Le rouble est-il pour autant une monnaie forte ? "Absolument pas, répond Julien Vercueil de l’INALCO. Celui-ci n’est soutenu que grâce aux mesures de contrôles des capitaux et aux exportations d’hydrocarbures, et uniquement grâce à ces deux éléments." L’un des deux vient à manquer, et c’est le cours du rouble qui s’effondre.
L’embargo européen sur le pétrole russe, actuellement discuté entre les Etats membres de l’Union européenne, pourrait ainsi faire dérailler cette mécanique et fragiliser le cours du rouble. "Les Russes recevraient moins d’euros et de dollars de leurs exportations de pétrole ce qui diminuerait progressivement la valeur du rouble", souligne Christophe Boucher de l’université de Paris Nanterre.
Cet équilibre artificiel camoufle ainsi une réalité économique bien plus pessimiste. Les sanctions européennes, telles que l’exclusion du système interbancaire Swift, ont entraîné une baisse certaine des importations de biens occidentaux en Russie. A titre d’exemple, l’Union européenne a interdit le 15 mars dernier l’exportation vers la Russie de ses berlines de luxe, champagne, bijoux et autres articles haut de gamme prisés par les élites.

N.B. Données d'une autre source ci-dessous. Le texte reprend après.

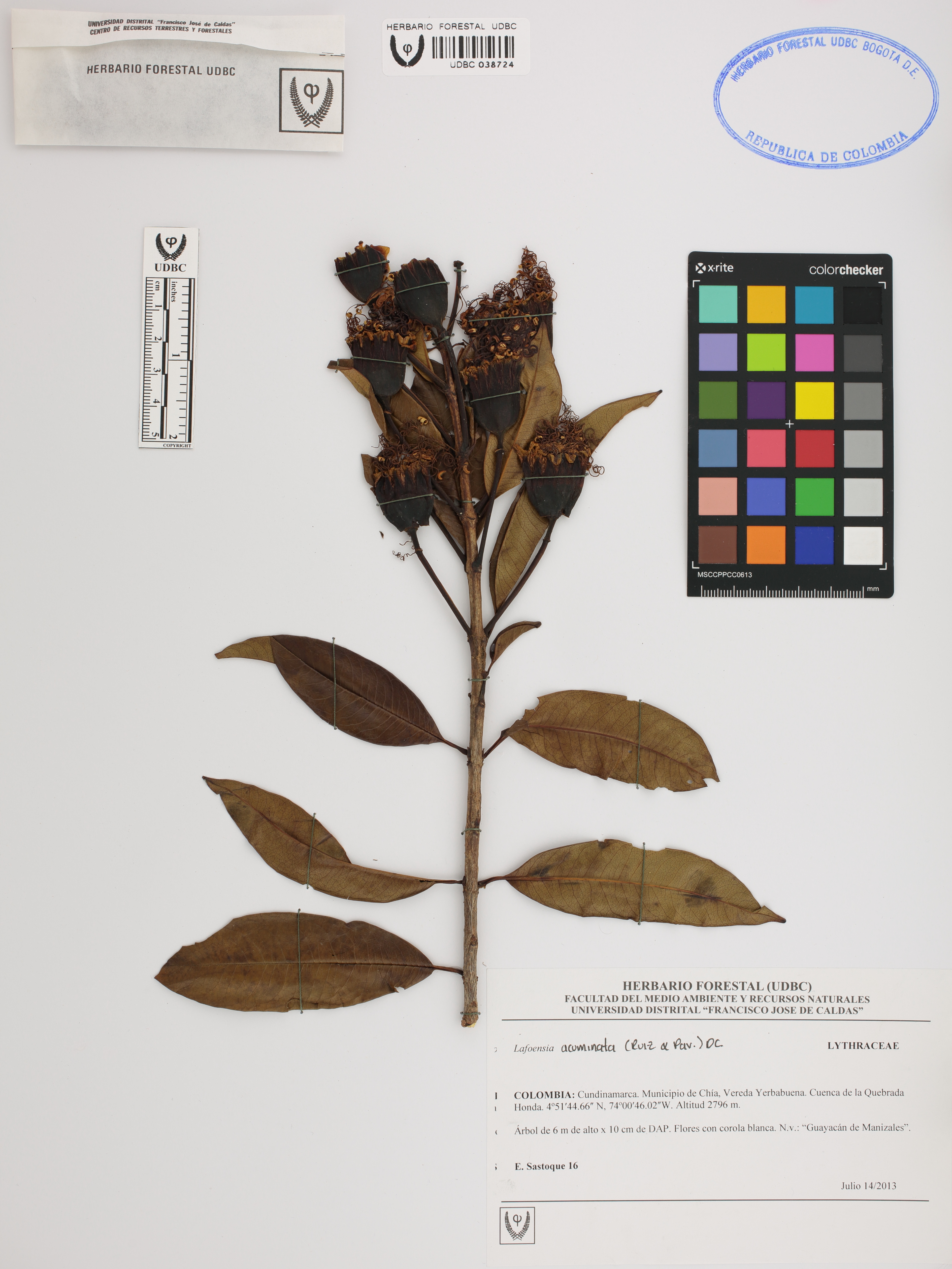 Fotografía del ejemplar Sastoque, E. 16, determinado como Lafoensia acuminata

Les répercussions économiques de la guerre vont bien au-delà de la trentaine d’oligarques concernés par les sanctions européennes. "Ce sont les classes à faible revenu et les classes moyennes qui subissent le plus la hausse de l’indice des prix à la consommation ou les pénuries de certains biens du quotidien", indique Anna Creti de l’université Paris Dauphine. L’inflation, qui ne cesse de croître depuis le début du conflit, était ainsi de 17,6% (contre 16,7% en mars), et devrait augmenter au cours des prochains mois pour atteindre un total de 18 à 23% en 2022 selon les prévisions de la BCR.